In a competitive market, the pressure of generic entry is expected to lower the prices of branded products after the loss of exclusivity. The change in price level prior and after the loss of exclusivity was assessed45 (if possible: 1-4 years after the loss of exclusivity). Please note that again there exist significant differences between countries and products.

The data analysis shows that the price drop of branded products often starts in the first quarter after the loss of exclusivity. However, this price drop is often relatively limited (up to 10- 20%). During the first and second year (after the loss of exclusivity) the branded prices decrease further, but with larger differences between products and countries.
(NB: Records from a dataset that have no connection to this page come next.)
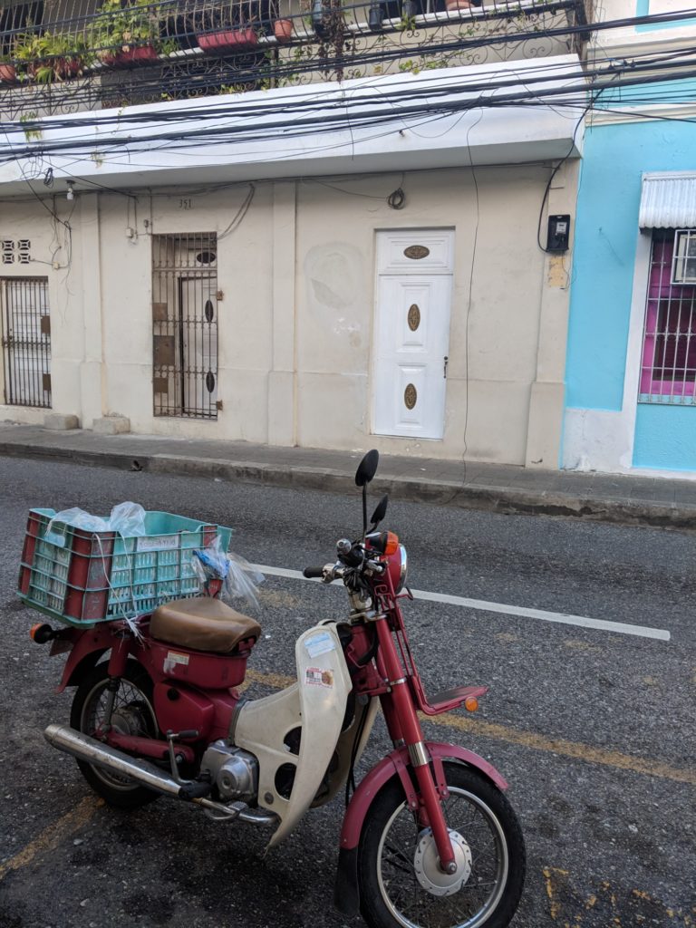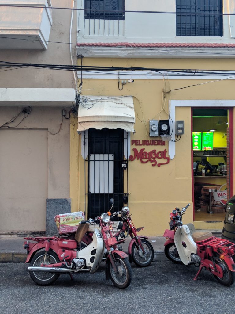 Diferentes motonetas Honda en Sto Domingo, zona colonial. Caminando nos sentimos muy en Havana, Cuba. La gente habla muy igual, las mañas muy iguales y la arquitectura muy igual. Pero Havana esta mas decaída que Sto Domingo. En la plaza España en depto de turismo pone música en vivo todos los viernes y sábados.
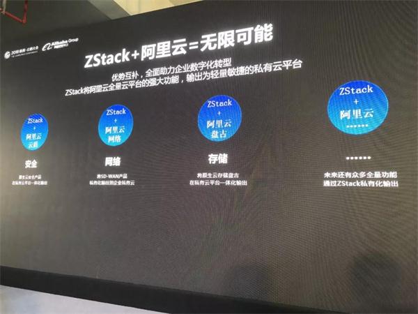 同时,ZStack也可以将阿里云全量云平台的强大功能,输出为轻量敏捷的私有云平台。双方优势互补,全面助力企业数字化转型。正如阿里云事业部总经理马劲提到的,ZStack完成了阿里云在公共云、专有云和混合云的关键拼图。目前,ZStack+阿里云已经服务了徐工集团、扬翔集团、农信互联、公安部四所、云上贵州、南京大学等多个标杆客户。
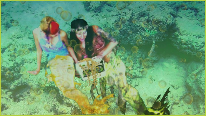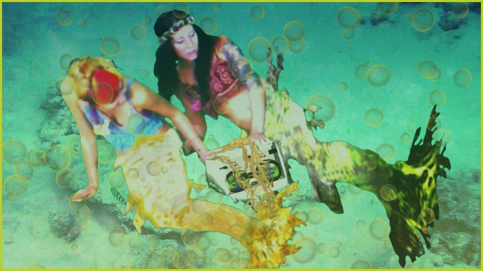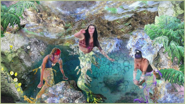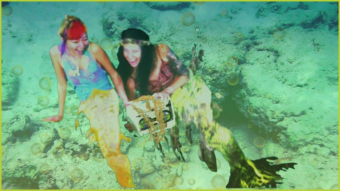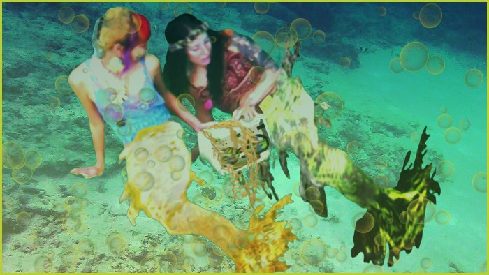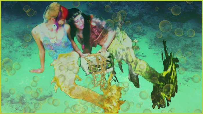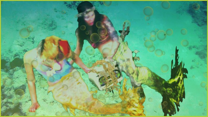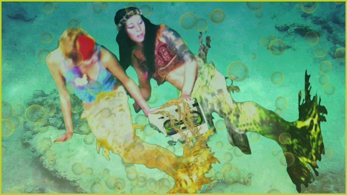 The mermaids are lured by an enchanting sound from a world above as they play in deeper waters which have never met the surface world - playing with the toys thrown from boats and now a device making sounds which takes them on this journey to find a dehydrating Earth - and more ...! This comic is created from stills from a short film - so is a photographic style piece...

For example, in the Netherlands the price drop after two years varies from 42-60%, while in Germany this varies between 4 and 24%. When the branded prices are weighted for the sold volumes, the price drops in the end are often substantial (in some cases up to > 95%). The underlying data shows that branded products often keep a higher price than the generic competitor but that the sold volumes of branded products are very low.
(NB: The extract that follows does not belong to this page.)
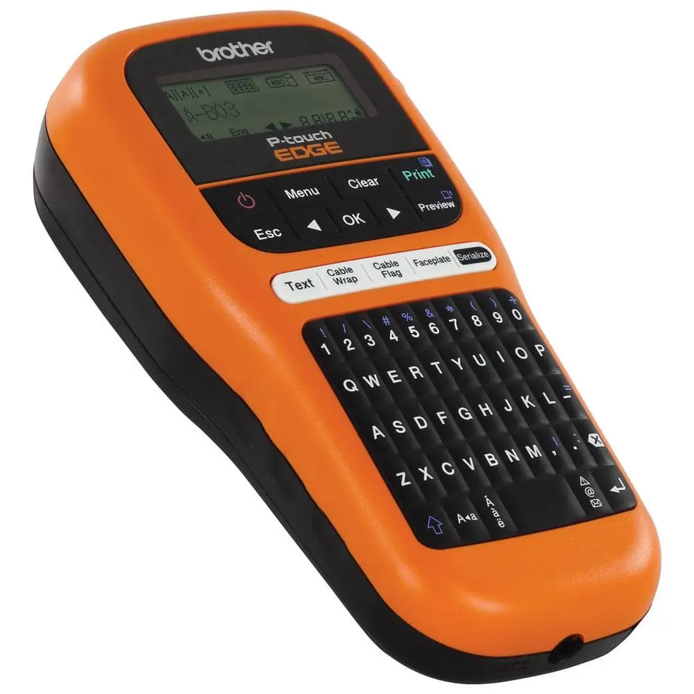 The P-touch PT-E105 is a lightweight and portable label maker designed for both professional and DIY applications. It allows you to print high-quality, durable laminated labels for items like patch panels, power cables, outlet covers, and more. It features a large display screen and a QWERTY keyboard for easy typing, and you can preview your labels on the graphical LCD screen before printing to minimize errors. The PT-E105 comes with a comprehensive library of industrial symbols and can print text and symbols up to 24-point size on 12 mm W labels. It automatically adjusts the font size and layout settings for optimal label formatting when using Brother P-touch TZe tapes. Printing speed is up to 20 mm per second. A built-in real-time clock allows you to automatically add date and time stamps, making it perfect for field-service applications. Its serialization capability is ideal for labeling power cables, patch panels, and faceplates. The PT-E105 is rugged, versatile, and portable, making it easy to bring to the job site or keep in your truck. It includes a 26.2 ft. roll of black-on-white Flexible ID tape for general-purpose industrial labeling.
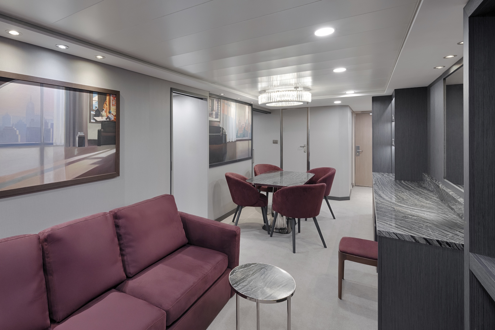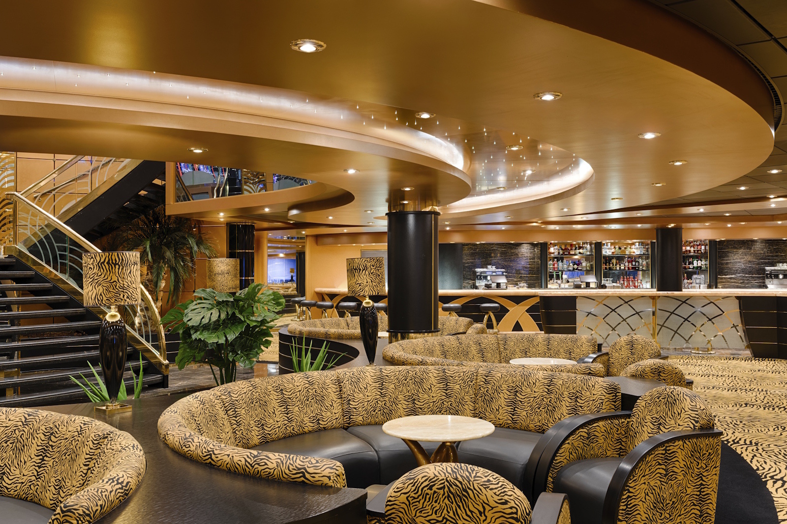ムジカクラスの先陣を切ってMSCマニフィカに新設されるヨットクラブ。ヨットクラブのロビーとなるトップセールラウンジはスタイリッシュで洗練された空間に仕上がっていました。

For most of the selected products, the starting price of the generic entrant after the loss of exclusivity is significantly lower than the price of the branded products. Italy is an example of a rather aggressive generic pricing strategy: in the first quarter after the loss of exclusivity the generic prices are 30-40% of the original branded price (relative price reduction of 60- 70%). At the end of the data period (Q3/2014), a lot of generic prices are 10-30% of the original branded price.

2.1.3 The level of generic penetration

The loss of the exclusivity results in the entry of relatively cheap generic products and (often) in a substantial drop in the prices of branded products. As can be expected, the generic entry will also have an influence on the market share of the originator product. In the data analysis, we assessed the level of generic penetration: the relative share of generic products in the total volume (branded and generic products) in the period after the loss of exclusivity.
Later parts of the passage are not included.